For this exercise, repeat exactly the lines below starting at the line holding "Dieser handgefertigte Holzaufsteller" and ending at the line holding "У Будапешті на", both included, with no extra lines and no pictures.

__Data excerpts__.
◇ ◇ ◇ ◇

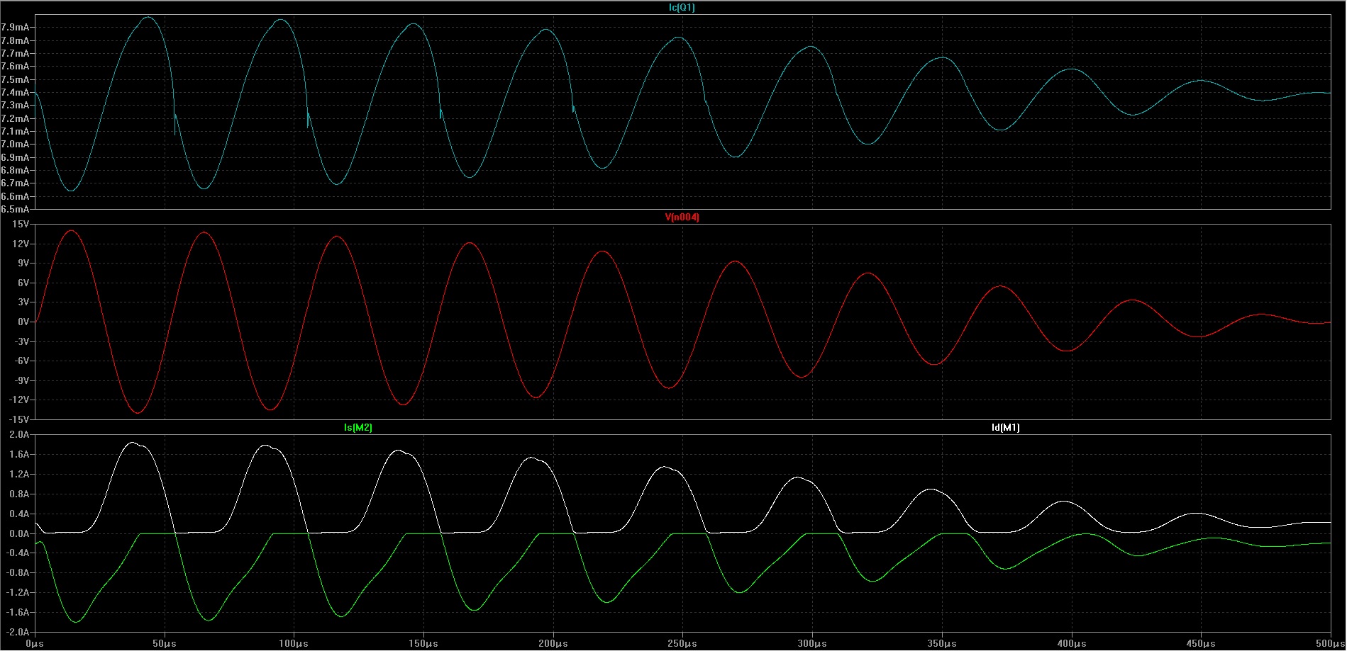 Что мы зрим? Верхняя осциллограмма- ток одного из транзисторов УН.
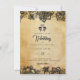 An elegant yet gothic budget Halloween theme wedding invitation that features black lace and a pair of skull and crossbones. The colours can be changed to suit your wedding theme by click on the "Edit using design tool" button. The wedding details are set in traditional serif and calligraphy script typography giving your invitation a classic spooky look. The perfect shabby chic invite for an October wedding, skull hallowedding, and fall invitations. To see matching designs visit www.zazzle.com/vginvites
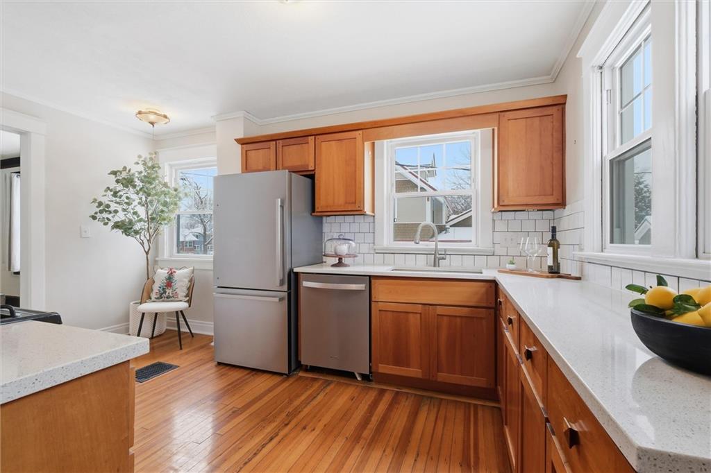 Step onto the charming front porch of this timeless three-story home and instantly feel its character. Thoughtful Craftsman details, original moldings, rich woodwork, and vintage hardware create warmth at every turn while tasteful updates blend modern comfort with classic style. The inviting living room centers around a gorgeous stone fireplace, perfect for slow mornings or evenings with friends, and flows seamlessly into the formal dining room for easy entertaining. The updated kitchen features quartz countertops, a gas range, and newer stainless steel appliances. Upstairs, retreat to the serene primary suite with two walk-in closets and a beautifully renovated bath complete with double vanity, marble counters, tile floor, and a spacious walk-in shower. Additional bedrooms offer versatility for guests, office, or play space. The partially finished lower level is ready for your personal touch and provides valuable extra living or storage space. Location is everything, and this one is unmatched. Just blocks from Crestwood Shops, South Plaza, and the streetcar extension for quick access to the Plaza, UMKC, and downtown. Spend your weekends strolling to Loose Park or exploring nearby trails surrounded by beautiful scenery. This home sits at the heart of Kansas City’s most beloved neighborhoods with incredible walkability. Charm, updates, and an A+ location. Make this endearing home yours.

◇ ◇ ◇ ◇

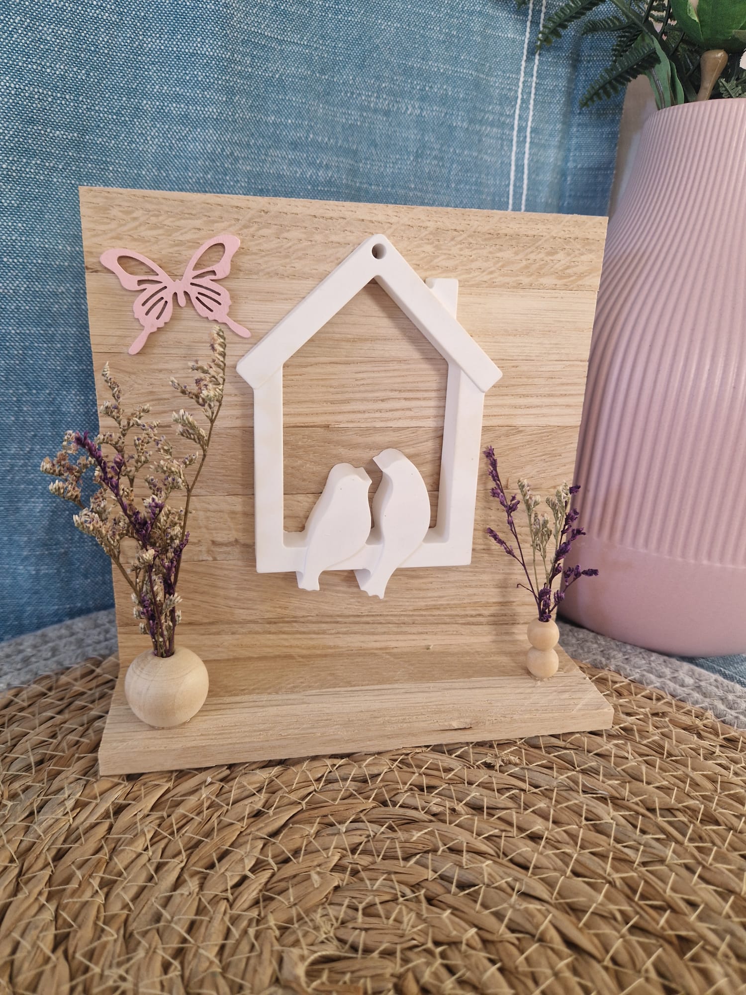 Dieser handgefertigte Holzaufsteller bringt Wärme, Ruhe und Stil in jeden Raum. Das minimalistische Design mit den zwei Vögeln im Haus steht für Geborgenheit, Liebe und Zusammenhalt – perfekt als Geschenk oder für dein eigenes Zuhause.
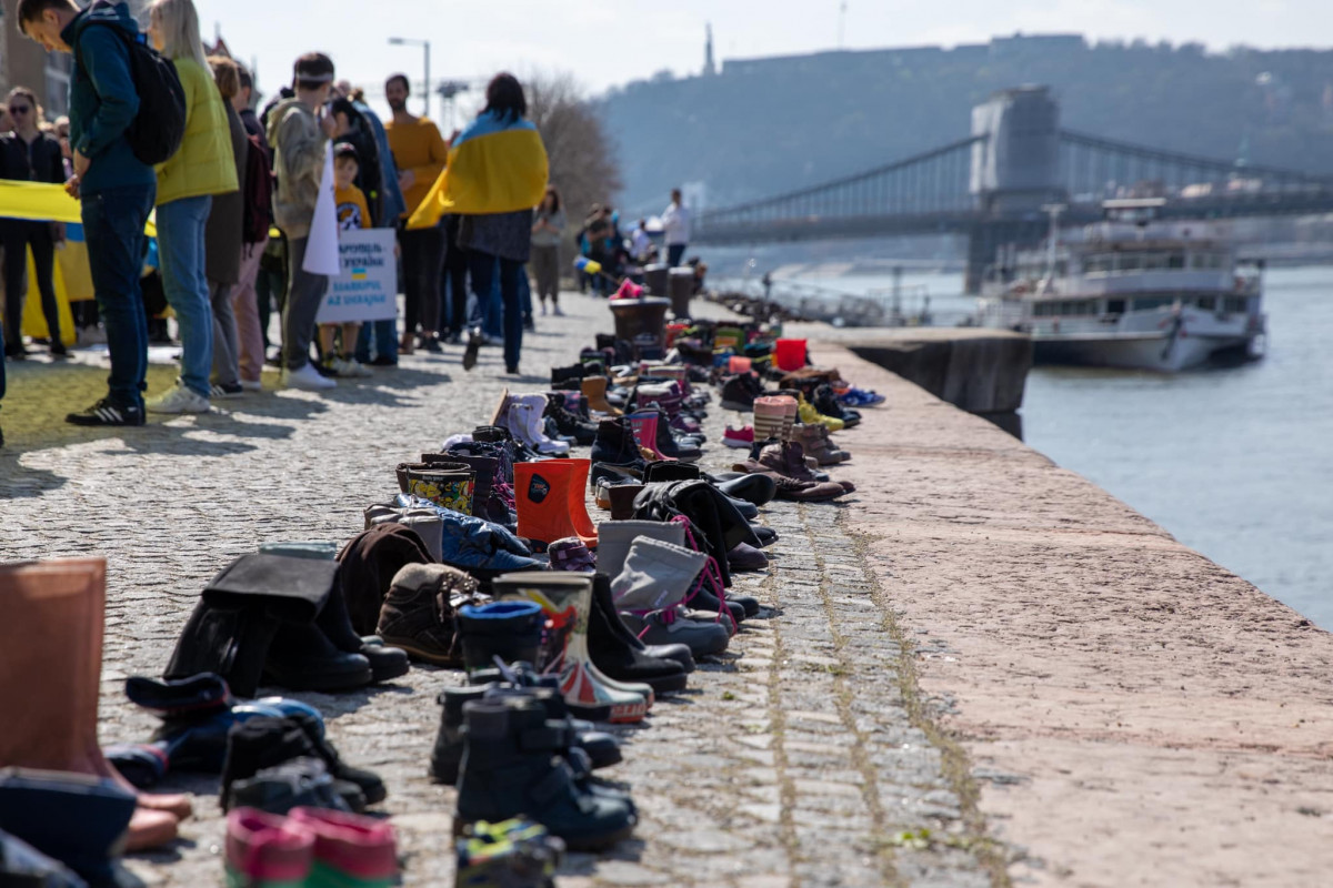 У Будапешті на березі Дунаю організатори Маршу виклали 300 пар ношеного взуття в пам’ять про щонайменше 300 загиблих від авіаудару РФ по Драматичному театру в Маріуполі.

◇ ◇ ◇ ◇

__Answer for this exercise__.
 Dieser handgefertigte Holzaufsteller bringt Wärme, Ruhe und Stil in jeden Raum. Das minimalistische Design mit den zwei Vögeln im Haus steht für Geborgenheit, Liebe und Zusammenhalt – perfekt als Geschenk oder für dein eigenes Zuhause.
 У Будапешті на березі Дунаю організатори Маршу виклали 300 пар ношеного взуття в пам’ять про щонайменше 300 загиблих від авіаудару РФ по Драматичному театру в Маріуполі.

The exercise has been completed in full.